Orie Steele: So I'm going to try and answer the question I think for this to be successful the schema for the payload the post body becomes much more strict it says you know hey you know credential status it can't be present because that's going to be set by the server so like don't you could you might say hey if you are like sometimes I ask for credentials with revocation and sometimes they don't so credential status as an option I think it's fine.
Orie Steele: Actual post body credential status would be forbidden because the server is going to provide that value like their server is going to provide the issuance date and the server is going to provide the issuer should the client be able to ask for a backdated issue and state maybe but I think the point being that if you take this approach the schema for the post body becomes much more restrictive you throw a lot of a lot more 400 errors saying hey.
Orie Steele: Client you know servers already going to handle.
Orie Steele: Parameter like you're not allowed to specify it and that's everything becomes a lot clearer so I think it it is a.
Orie Steele: Valid direction to take the API but it does sort of change the world view a little bit to the server sort of being the authority and the client not being able to really ask for anything other than what the server is going to going to accept and I think it's a valid path forward but we should make sure that we're communicating Our intention to implement that shared Vision very explicitly and we're taking.
Orie Steele: You know a group of features.
Orie Steele: It take us that direction at once if we can just so that we get there a little bit faster and so everyone knows like this is a fork in the road and design principles like we're now going the direction of the server is going to be responsible for this configuration the client is not going to be allowed to ask for any form of optionality the clients going to accept what the server will give.
Dave Longley: +1 To Orie
Manu Sporny: Okay that's helpful at least it was helpful to me Mahmoud Europe.
Mike Varley: +1 To Orie's comments on making the input schema more strict.
Mahmoud Alkhraishi: I think what I got from reading the issue is that when I think there's a missing endpoint which is a get on trying to find out what are all the issue where's that are available somewhere here so that I can know if I want to issue a credential of a specific the ID which endpoint on my calling in the first place but I feel like that's you know that's a very straightforward fix right but what I'm trying to understand is.
Mahmoud Alkhraishi: Server says there are four possible valid configurations and only four possible about configurations if you want a credential issued by me these configurations are for example eat 519 2018 with a revocation of 2020 or a is 509 2020 with a revocation list 2020 and that's it we don't support other stuff right and the and then obviously there's a way for you to ask the issuer from what I'm seeing in your proposal to add in.
Mahmoud Alkhraishi: Another configuration object that's the rough.
Mahmoud Alkhraishi: Only hope is internalizing that correct first of all.
Dave Longley: Yes I think so.
Mahmoud Alkhraishi: Okay so I'm failing to see how.
Mahmoud Alkhraishi: How a client is able to find out that it's supposed to call this and point to get that credential that like I'm trying to for example I want to issue a revocable credential with a with a specific key type with a specific from a specific the ID if I had if I support like for did methods doing it a different issue or end point for each one and then do I need a different revocation list.
Mahmoud Alkhraishi: For you like it feels like now.

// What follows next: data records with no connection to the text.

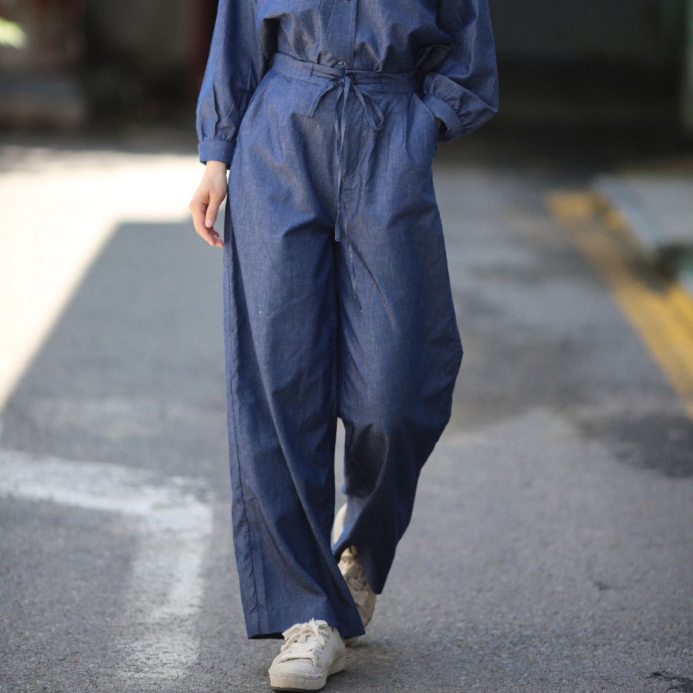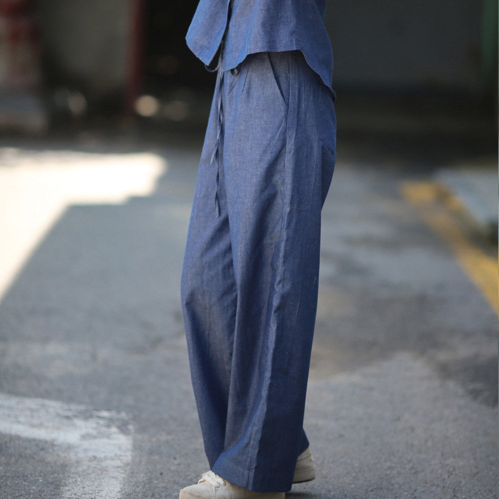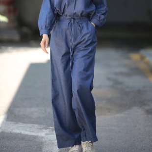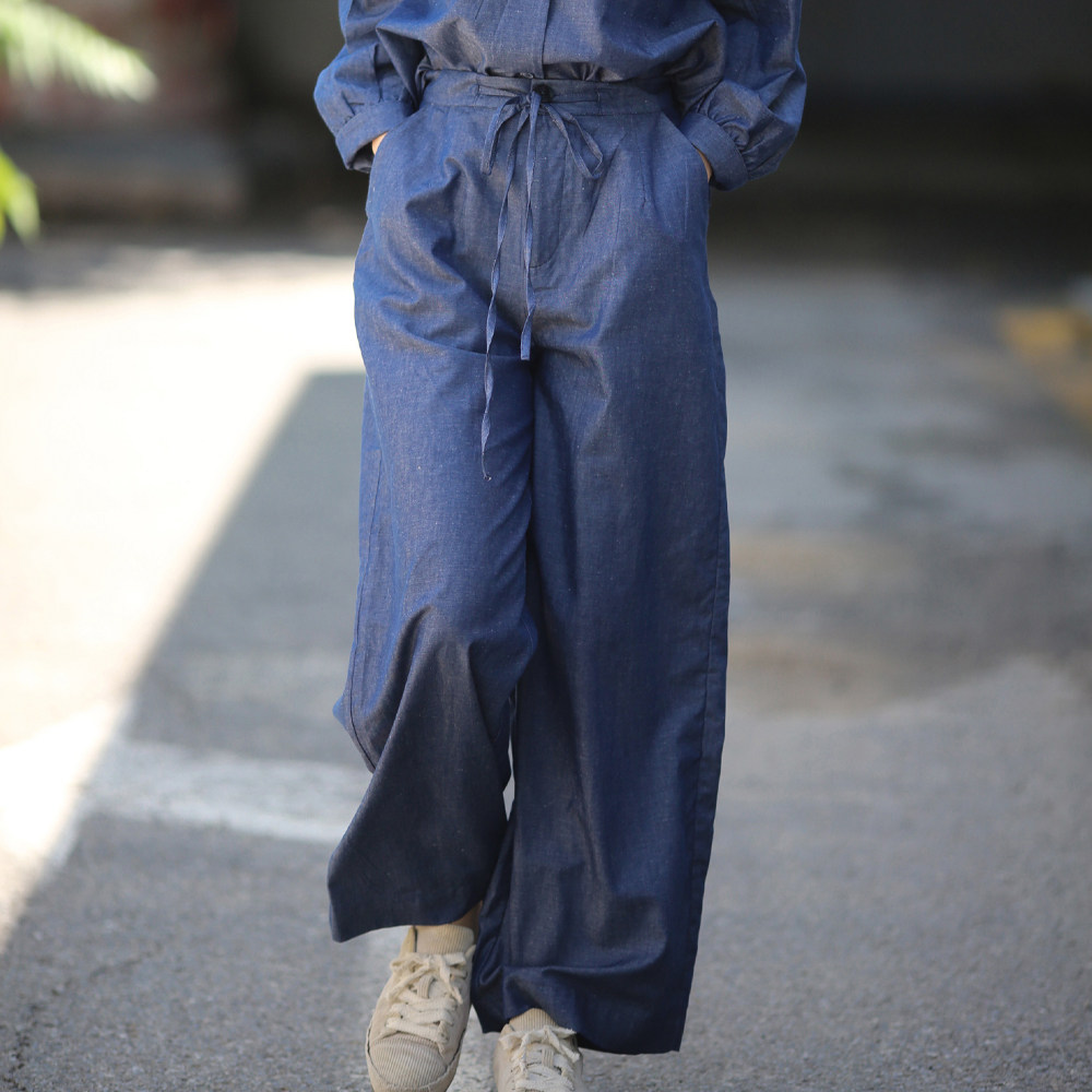 游设计原创拉链抽绳腰天丝亚麻阔腿裤 蓝双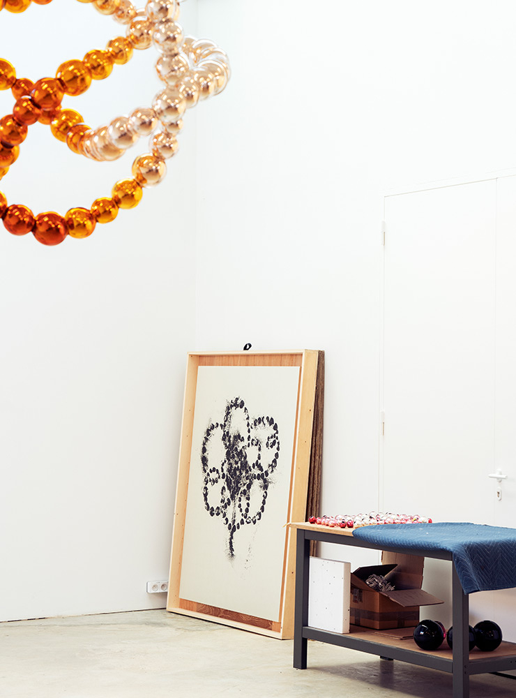 유리 벽돌 작업 <Precious Stonewall>과 <Stairs to Paradise>, 유리 구슬 작품이 어우러진 스튜디오 전경. 작가는 이렇게 말한다. “유리 벽돌 작품은 지금 우리가 받고 있는 압박과 스트레스에 대한 답일 겁니다. 공통의 꿈으로 향하는 제단 혹은 사색의 지지대 같은 작업이에요.”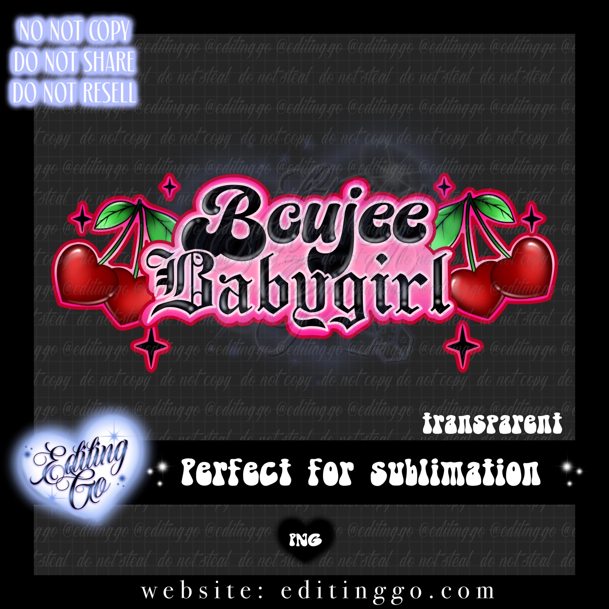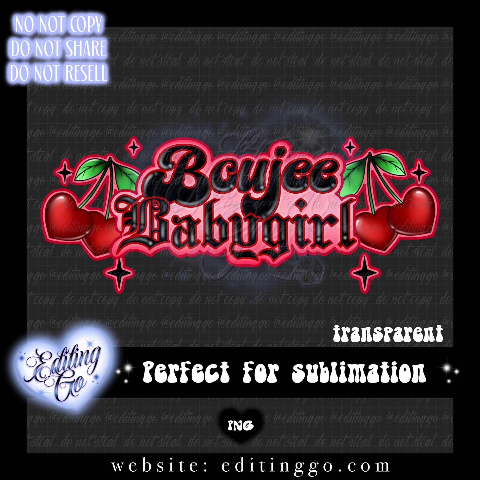 -All premade designs will be resold to other customers by Editing.Go!

Mahmoud Alkhraishi: I've gotten more issue and points than I had in the beginning.
Mahmoud Alkhraishi: That's really where my confusions.

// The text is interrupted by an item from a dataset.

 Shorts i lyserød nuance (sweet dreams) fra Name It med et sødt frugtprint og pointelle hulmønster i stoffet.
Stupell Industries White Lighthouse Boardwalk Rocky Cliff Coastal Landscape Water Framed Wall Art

<orie> you can't ask for a specific did or quite... you can only as a specific endpoint for a credential.
<orie> suite*
Dave Longley: Yeah so the quick answer is yes you do have more configuration and points than you did in the beginning you have one for each type of configuration that the client applicate that the issuer wants to support in that the client application needs to use and and this some of your questions seem to to remind me of the just some of the discussions we've had around Discovery very often we said you know how our clients going to discover these things that they need to do it's actually and what we found in a lot of those scenarios is.
Dave Longley: The client is going to be told.

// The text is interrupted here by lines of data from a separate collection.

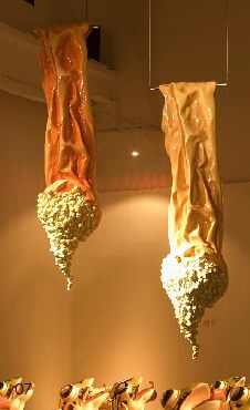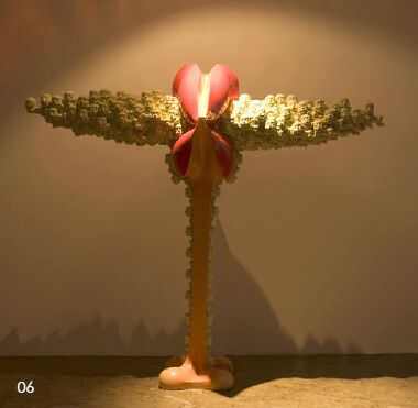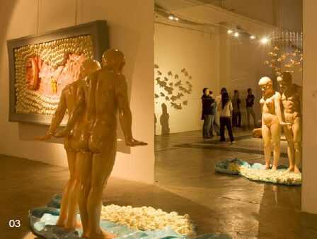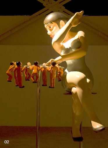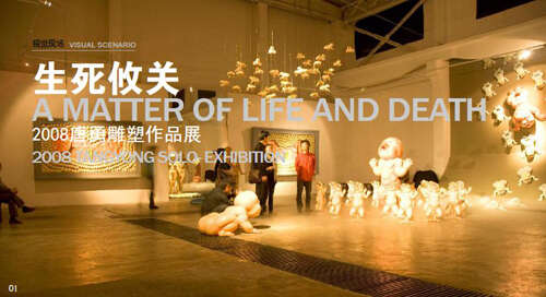 唐勇对雕塑形体的组织,已达到相当自由的程度。避孕套和香蕉人在大小、内外、完形与破裂等诸多关系上处理得得心应手。而那些单人像或双人像的塑造,往往以充满想象力的合成方式给人以眼前一亮或心中一惊的印象。这里有孩提时代的记忆,有幽默场景的调侃,还有社会典型的重新识读。而对于形体的塑造,则显得更加肯定与成熟,简练而精确,流畅婉转而又不乏力度,具有很强的形式感和雕塑性。唐勇有意放弃雕塑表面肌理塑造中常见的表现性,以其对个人特征的某种排除,来沟通当代文化表层化、流行化的集体性,实际上乃是对自我存在问题的预设。在表面色彩的处理上,唐勇颇费心思,一件作品大致两三个颜色,一色为主,其他点缀,统一在多少有些发灰的粉色中,显得沉着又不无涂层所需的矫饰感,不仅仅是表层的炫耀,使整个作品的动态和形态反而显得特别突出。这样一来,唐勇在雕塑创作中把握到一种适当的深度。他不想将自己对生命存在的体验因为深沉而过于沉重,其作品在流露出对生命脆弱与偶然的惋惜时,并不就此执著于哀叹与悲情,在那些动态各异、活泼可爱、熙熙攘攘、热热闹闹的小生命中,我们似乎能听到嘻嘻哈哈的笑声。唐勇对人是乐观而积极的,他只想用自己的方式提出当代文化存在的问题,让人在快乐原则的支配下有所思考,有对于生命价值和精神意义的反询:在上帝死了之后,人是无法找到精神归宿的;而在人死了之后,人也是无法在快乐原则中安身立命的。人失去了为信仰所假定的终极的哲学本质之后,只能在其存在状态和生命过程中现实性地去寻找自己。没有本质化的精神,只有矛盾性的心理,只有在矛盾的、异在的精神心理之中,艺术才能挑战既成文化的操控性,释出个人自我独有的能量,与社会交换、博弈、流通,介入社会并为个性生长和人心自由提供解放的可能性。
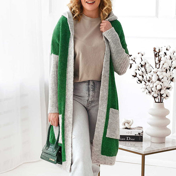 Looking for a cozy and stylish cardigan to take your outfit to the next level? This Cardigan is perfect! Made from a soft and comfortable material, it features a trendy hood and contrast colors that will make you stand out from the crowd. Pair it with your favorite jeans and boots for a casual and chic look.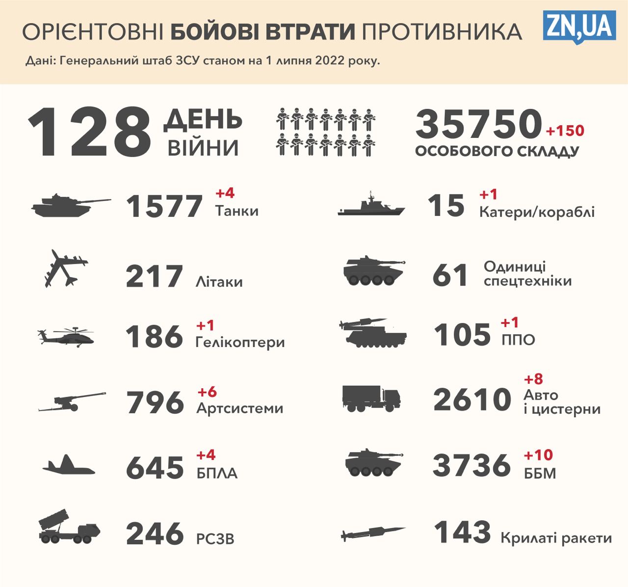 Загальні бойові втрати противника з 24.02 по 01.07 орієнтовно склали: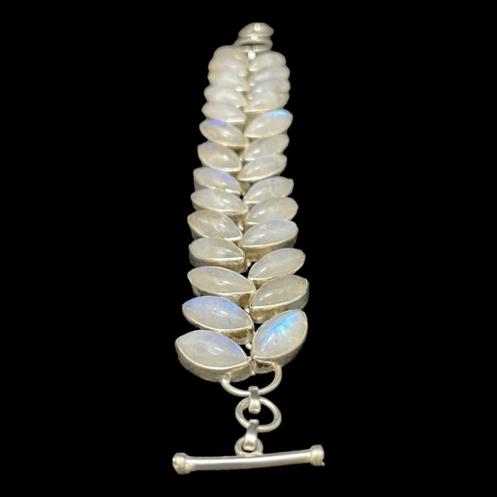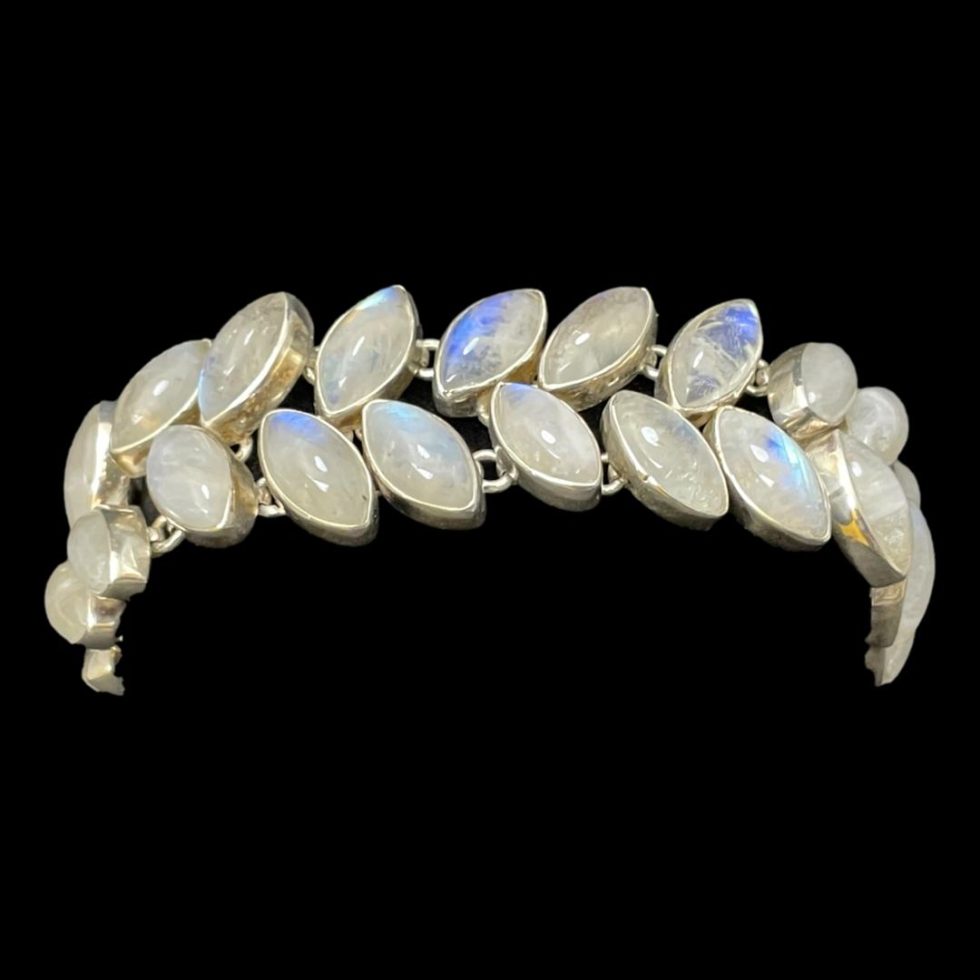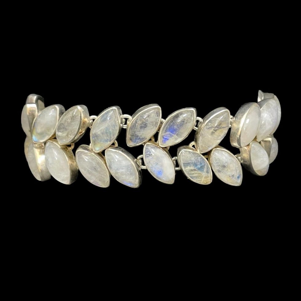Vintage bracelet set with rainbow moonstones. Sterling silver bracelet set with 27 stunning eye shaped rainbow moonstones. The stones are of high quality that flash colours in different shades of vibrant blues with hints of yellow and green. Slightly adjustable from 155mm to 195mm long. 25mm wide. Hallmarked 925 for sterling silver.

Dave Longley: Action so a lot of these use cases are you're going to go through some setup bootstrapping process where you can configure an issuer URL is going to pop out and you going to take that URL and put it in your client and that's going to be end of the story as opposed to a client that rent is randomly showing up at some issuing and point and is asking some questions about what it can issue and what it can that doesn't make sense because the problem I'm going to have the authority to do that the clients going to be specifically provisioned and given Authority through either.
Dave Longley: Are you off to or Z Caps or whatever authorization mechanism is being handed to that client to be able to.
<orie> hmm -1 to most of this attempt to avoid discovery
<orie> you still need to address it
Dave Longley: Civic issuing endpoint so it's going to have that knowledge through the process of being on boarded and so I don't know that we even need to have any sort of Discovery mechanism because I think the use cases are such that you need to get that Authority and then you going to be told where to go use it and I think that answers your question so I'll let other people in the cute.
Manu Sporny: All right I put myself on the Queue to try and get us to drive towards a concrete kind of outcome here one thing that I think could potentially work is a PR explaining this new philosophy and a bit more depth so not necessarily changing a mean it could change API endpoints but as as we saw you know this tiny little change has kicked off a pretty big kind of philosophical Direction.
<mahmoud_alkhraishi> the issue has really in-depth stuff i just didnt go through it before this call
<orie> pretty sure I am the only person who reviewed the PR... so I don't know that we need to ask for anything but more reviews.
Manu Sporny: And so I think we probably need some text in here to explain that these endpoints do have configurations associated with them and they do X and Y and you know the Dynamics between the client and the server needs to be written down so I'm suggesting that as a next next concrete Next Step here or you're on the queue.
Orie Steele: So I think it's fine to to continue to iterate on this PR and like Dave has given answers in issues I think you know folks should review the pull request and we could can make incremental progress or we can make you know we could push a design document and then try and change the apis I'm fine incrementally changing things as long as I know where they're headed.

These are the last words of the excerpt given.